Kumudam
- Asin and Suriya on 10 October 2007 cover of Kumudam
- Frequency: Weekly
- Total circulation (1986): 620,000
- Founder: S.A.P Annamalai P.V. Parthasarathy
- Founded: 1947; 78 years ago
- Company: Kumudam Group
- Country: India
- Based in: Chennai, Tamil Nadu
- Language: Tamil
- Website: Kumudam.com
- OCLC: 416964234

= Kumudam =

Tamil weekly magazine

Kumudam is a Tamil weekly magazine published in Chennai, Tamil Nadu India. It was founded in 1948 by S.A.P. Annamalai, and his close friend and confidant P.V. Parthasarathy. Now the magazine is published under the Kumudam Group, which also publishes other Tamil magazines including Kumudam Reporter, Kumudam Snehidi, Kumudam Bhakti, Kumudam Jothidam, Kumudam Theeranadhi. The Kumudam Group started a Telugu spiritual magazine called Kumudam Bhakthi Special.
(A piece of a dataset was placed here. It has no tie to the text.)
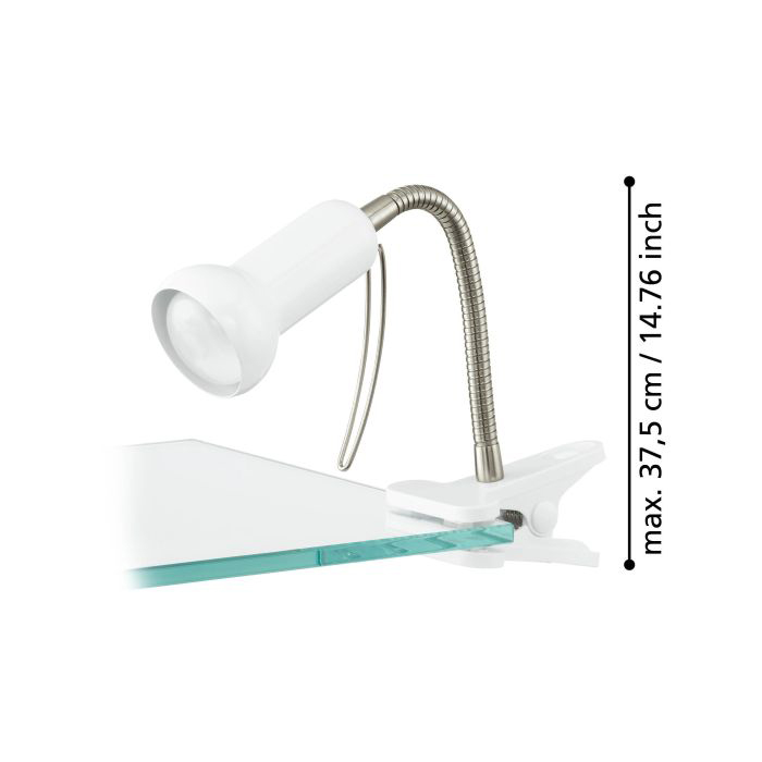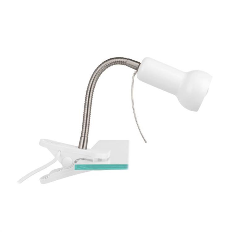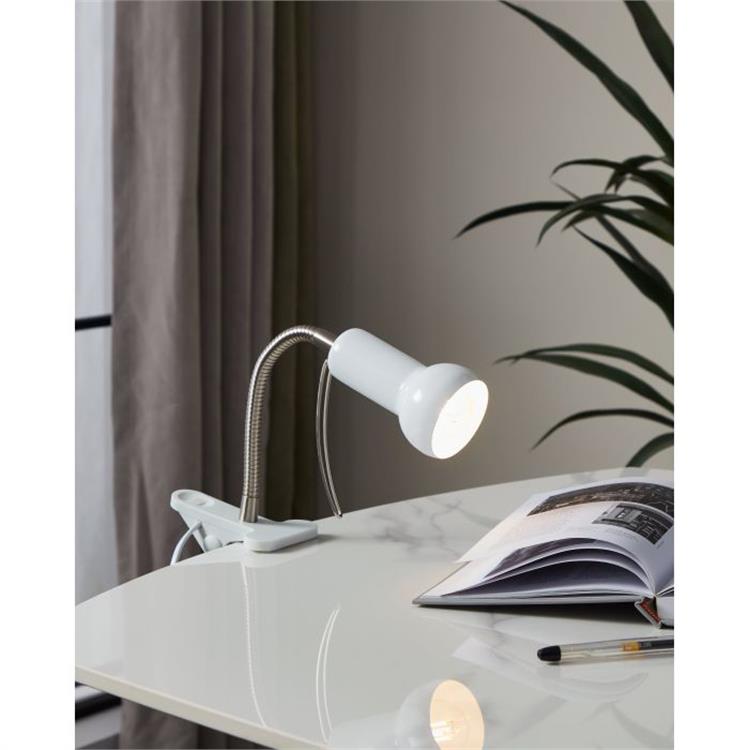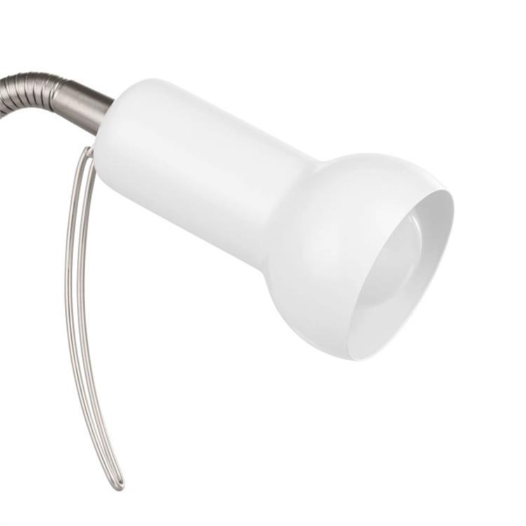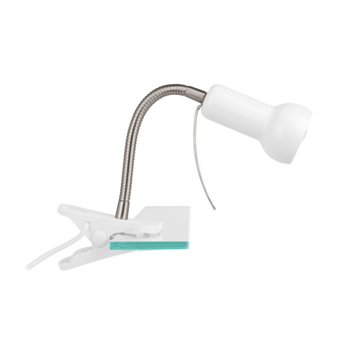 La lampada a pinza FABIO è un faretto a pinza per chi cerca un'illuminazione mirata. La struttura, in metallo bianco e argento, è discreta. Questo faretto led orientabile può essere posizionato in qualsiasi punto della casa o dell'ufficio grazie alla pinza regolabile. Il braccio mobile e il collo flessibile ti permettono di direzionare la luce dove preferisci, illuminando una scrivania, un piano di lavoro o un libro. La lampada si accende e si spegne facilmente con un interruttore sul cavo. La lampada non include la lampadina e ha un attacco E14.

It had a circulation of 620,000 copies in 1986. The website kumudam.com attracted over 66,000 visitors in 2008, according to a Compete.com survey.

==Criticism==
In September 2015, Kumudam faced criticism when an article published in Kumudam Reporter criticised women wearing leggings. The women's pictures used in the article were reportedly printed without consent. The article received considerable social media attention, resulting in a petition on Change.org, which received over 17,500 signatures.